After all, the Bible is God's love letters to you as your Father.
"Therefore, get rid of all moral filth and the evil that is so prevalent and humbly accept the word planted in you, which can save you. Do not merely listen to the word, and so deceive yourselves. Do what it says."
"For the word of God is alive and active. Sharper than any double-edged sword, it penetrates even to dividing soul and spirit, joints and marrow; it judges the thoughts and attitudes of the heart."
We need to talk about screens. They're a sleep killer and a gateway to temptation.
The National Sleep Foundation explains: "The blue light emitted by screens on cell phones, computers, tablets, and televisions restrain the production of melatonin, the hormone that controls your sleep/wake cycle or circadian rhythm. Reducing melatonin makes it harder to fall and stay asleep."

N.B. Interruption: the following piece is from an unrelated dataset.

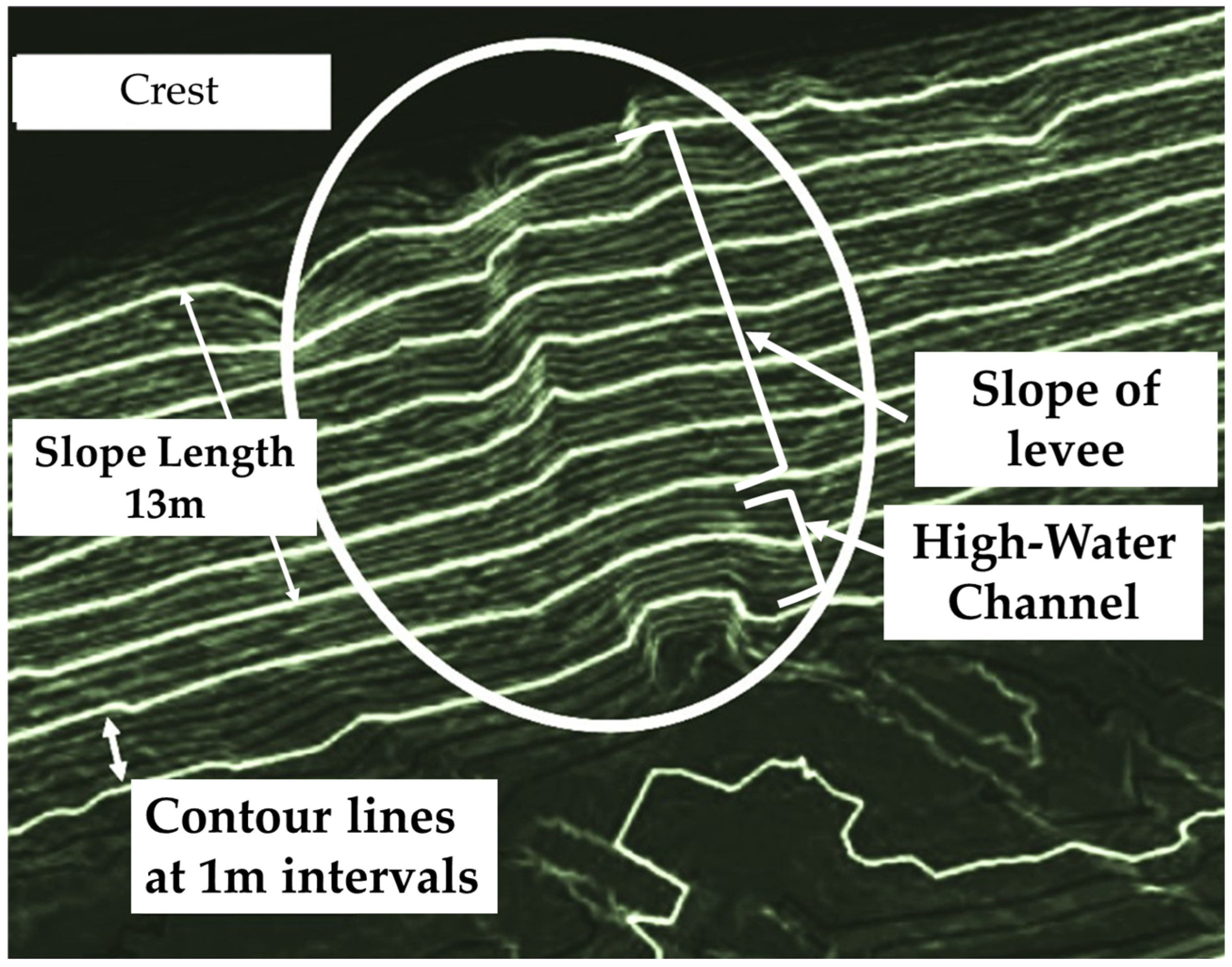 - Casas, A.; Riaño, D.; Greenberg, J.; Ustin, S. Assessing levee stability with geometric parameters derived from airborne LiDAR. Remote Sens. Environ. 2012, 117, 281–288. [Google Scholar] [CrossRef]

Their advice: "give yourself at least 30 minutes of gadget-free transition time before hitting the hay. Even better: Make your bedroom a technology-free zone."
Instead of zoning out on your screens before bed, identify one or two other healthy things you can do to help you wind down in the final 30 minutes before bed (e.g. reading, stretching, talking with your wife if you're married, listening to relaxing worship music).
Make prayer the last thing you do before going to bed. Thank the Lord for what he's done for you that day and to keep you in his hand the next day.
Pray for the Lord to give you not just sleep, but rest whether you are sleeping or awake. The peace that comes from experiencing his presence and love in your heart.
"Come to me, all you who are weary and burdened, and I will give you rest."
Today, you've put in place the first building blocks of your Recovery Plan. The key is consistently doing these activities day after day, prioritizing them.
As we go through the next six weeks of Bootcamp, you will add to your plan and personalize it as you continue to grow in your recovery and walk with the Lord.
MY RECOVERY PLAN
(Version: [Today's Date])
Prayer, Meditation & Reading the Bible
2) DURING THE DAY
No screens 30 minutes before bed; set alarm to be up at least 1 hour before usual; get to bed at least 7 hours before I need to be up; Pray before going to sleep
[We suggest creating a Word document and cut and paste the above into it, making the changes you would like to make it your own - we will be adding to it as we move forward in Bootcamp]
"Plans are established by seeking advice;
so if you wage war, obtain guidance."
"...Whoever wants to be my disciple must deny themselves and take up their cross daily and follow me."